The year of the horse is beginning, now that the Chinese New Year has started. Celebrations across the world took place in Asian communities. The horse is the second most popular animal in the zodiac, with the dragon coming in first. The horse represents energy and loyalty. In China, firework displays were seen in many cities, and according to folklore, the noise and sights will scare bad spirits away. Feasting also took place, and food included traditional rice cakes and a variety of savory dumplings.
Those who celebrate the Chinese New Year exchange hongbao, which are red envelopes meant to keep bad spirits away and have money tucked inside as gifts in an even denomination. The Japanese make up pretty bento boxes of fancy foods and pickles to give to family and friends. The boxes are typically wooden with a lacquer finish. On Chinese New Year, the Japanese visit their neighbors, too, and wish them well.
Some feng-shui masters consider that since the horse is wooden, this signifies conflicts, disasters, record high temperatures, an economic chill in Asia and other dark predictions.
In inner Mongolia, Chinese President Xi Jinping made an appearance to wish the celebrating Chinese good health and happiness. The Mongolian people were attending a Lunar New Year’s Eve winter fair.
Disneyland, in Anaheim, Calif., is celebrating the Chinese New Year by adding special events, including a horse named Finn, who will represent the year of the horse. He will be wearing a special saddle blanket that’s adorned with the Chinese symbol for good fortune. Disneyland will have festivities for the Happy Lunar New Year this weekend.
Disney park guests will be able to have their picture taken with Finn and his special lucky saddle. Finn comes from Disneyland’s Circle D Ranch. There will even be a special snack available, called Year of the Horse sourdough bread.

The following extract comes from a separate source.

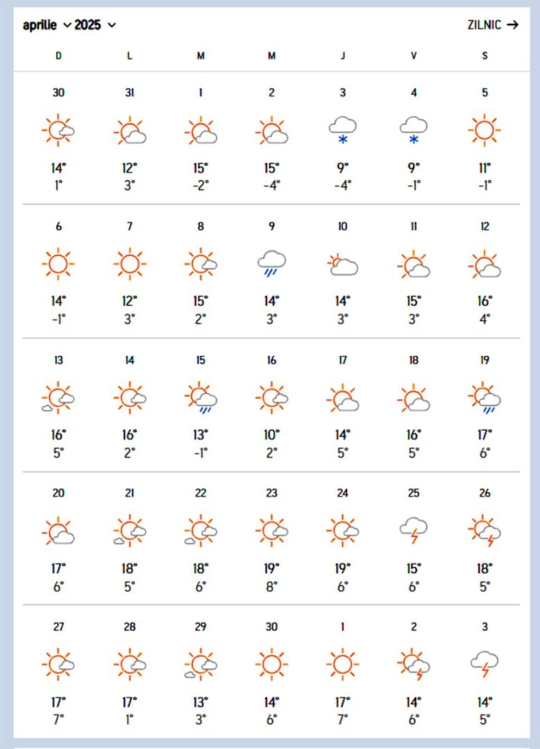 După acest episod rece, vremea pare să se mai îmbuneze, dar rămâne destul de imprevizibilă. Spre mijlocul și sfârșitul lunii aprilie, temperaturile vor crește treptat, ajungând până la 16-18 grade în unele zile, dar vor exista în continuare zile ploioase sau cu vreme schimbătoare.

The Chinese zodiac is predicting that money and health will be unstable this year, and that feast and famine may be commonplace. Health will be affected because the zodiac shows that the god, Taisui, will be offended. As a result some may experience discomforts and irritations of the skin. Women are told to be careful with their urinary system, and males should take care of their stomachs by not eating too much at meals.
One of the side stories of China’s Lunar New Year celebrations is the pollution levels. The bad quality of the air means that in some areas fireworks were restricted. Beijing, which has been dealing with air pollution warnings recently, experienced a slump in the sales of fireworks this new year. City officials cut licensed fireworks sellers by 12 percent. It was reported, however, that the fire and smoke were not as caustic as last year’s count of 1000 micrograms of particulate per cubic meter. Instead, there was a measure of 140-160.
Transportation hubs were busy as people, including 245 million migrant workers, crammed planes, trains and buses to return to their hometowns in what is the world’s largest annual human migration. The Chinese New Year festivities are the most important of the year, and not to be missed.